Only the pictures are to be left out; please reproduce everything else in the data exactly.

§ Recorded data
┌──

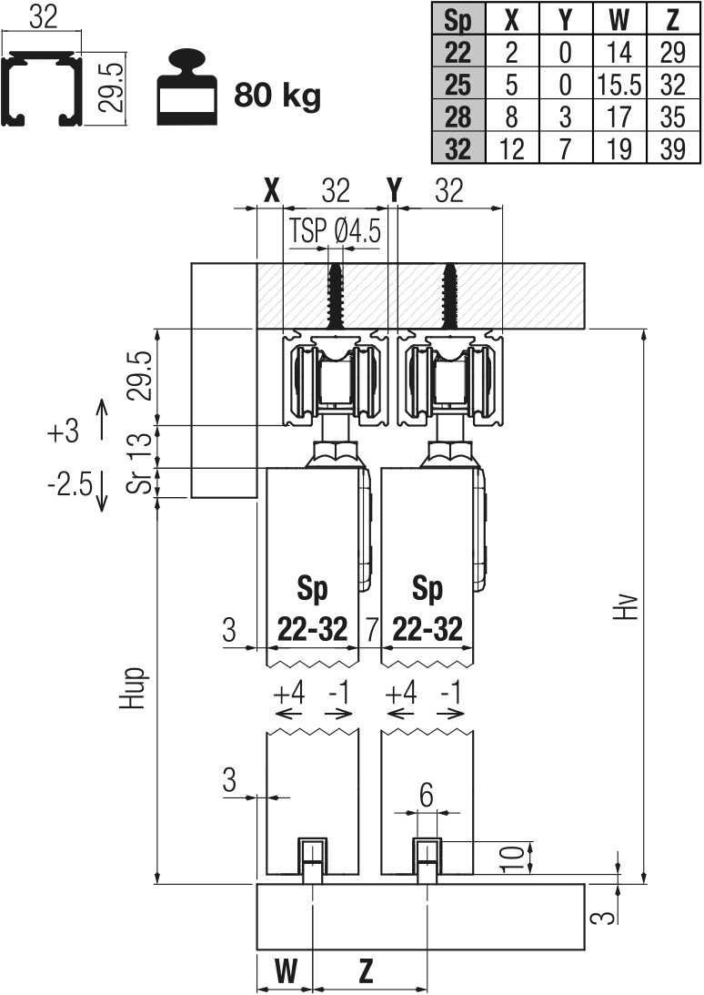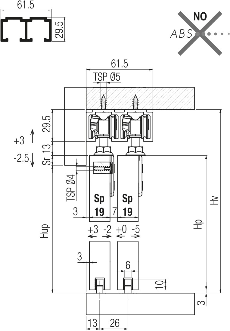 - De dubbele bovenrail is niet geschikt voor de softclose ophangkit. Gebruik de enkele 80 kg bovenrail.
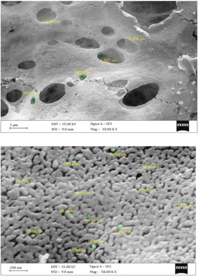 The SEM images proved that the particles were small enough to say that they were nanoparticles, and the crystal sizes were between 31.58 and 68.79 nm. Moreover, Figure 5 shows that the dimensions of created porosity had a maximum size of 1.557 micrometers. Based on the results, the nanoparticles contain porosities of different sizes. This can be related to the type of combustion synthesis and exhaust gases resulting from combustion, such as carbon dioxide and nitrogen dioxide. The shapes of nanoparticles are spherical and cubic.
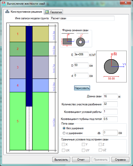 Задаются материал, форма, размеры сечения ствола сваи, ее длина, наличие или отсутствие расширения под пятой сваи, а также количество участков разбиения сваи и коэффициент условий работы. Задаются характеристики слоев грунта вдоль ствола и под пятой сваи.
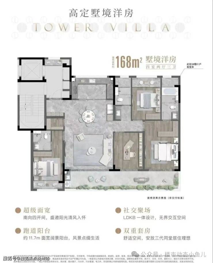 4房3卫布局,满足成长改善家庭需求;约14.9米南向大面宽,四开间朝南,LDKB一体化布局及双拐角270°采光阳台,最大化延伸空间感;南向双套房,以高实用性媲美市面上200㎡+产品;约11.7米三连大阳台更是点睛之笔,据说精装标准也是板块内的天花板。全屋智慧中枢摩根智能系统】从单元门人脸识别到七合一智能门锁,摩根智能系统串联大金中央空调、汉纳地暖、兰舍新风系统,搭配场景化灯光控制,智能窗帘控制。东吴序以科技为基础,实现零接待同行,让归家动线成为流畅的归家仪式。【全屋一线国际品牌奢装】SMEG油烟机、三眼燃气灶、蒸烤一体、13件套洗碗套件,打造意大利顶级家电品牌;杜拉维特浴缸、马桶与高仪五金,让卫浴空间成为美学展场;定制美妆冰箱镜柜,则于细节处实现功能与艺术的兼顾。

└──

§ Result for this exercise
 - De dubbele bovenrail is niet geschikt voor de softclose ophangkit. Gebruik de enkele 80 kg bovenrail.
 The SEM images proved that the particles were small enough to say that they were nanoparticles, and the crystal sizes were between 31.58 and 68.79 nm. Moreover, Figure 5 shows that the dimensions of created porosity had a maximum size of 1.557 micrometers. Based on the results, the nanoparticles contain porosities of different sizes. This can be related to the type of combustion synthesis and exhaust gases resulting from combustion, such as carbon dioxide and nitrogen dioxide. The shapes of nanoparticles are spherical and cubic.
 Задаются материал, форма, размеры сечения ствола сваи, ее длина, наличие или отсутствие расширения под пятой сваи, а также количество участков разбиения сваи и коэффициент условий работы. Задаются характеристики слоев грунта вдоль ствола и под пятой сваи.
 4房3卫布局,满足成长改善家庭需求;约14.9米南向大面宽,四开间朝南,LDKB一体化布局及双拐角270°采光阳台,最大化延伸空间感;南向双套房,以高实用性媲美市面上200㎡+产品;约11.7米三连大阳台更是点睛之笔,据说精装标准也是板块内的天花板。全屋智慧中枢摩根智能系统】从单元门人脸识别到七合一智能门锁,摩根智能系统串联大金中央空调、汉纳地暖、兰舍新风系统,搭配场景化灯光控制,智能窗帘控制。东吴序以科技为基础,实现零接待同行,让归家动线成为流畅的归家仪式。【全屋一线国际品牌奢装】SMEG油烟机、三眼燃气灶、蒸烤一体、13件套洗碗套件,打造意大利顶级家电品牌;杜拉维特浴缸、马桶与高仪五金,让卫浴空间成为美学展场;定制美妆冰箱镜柜,则于细节处实现功能与艺术的兼顾。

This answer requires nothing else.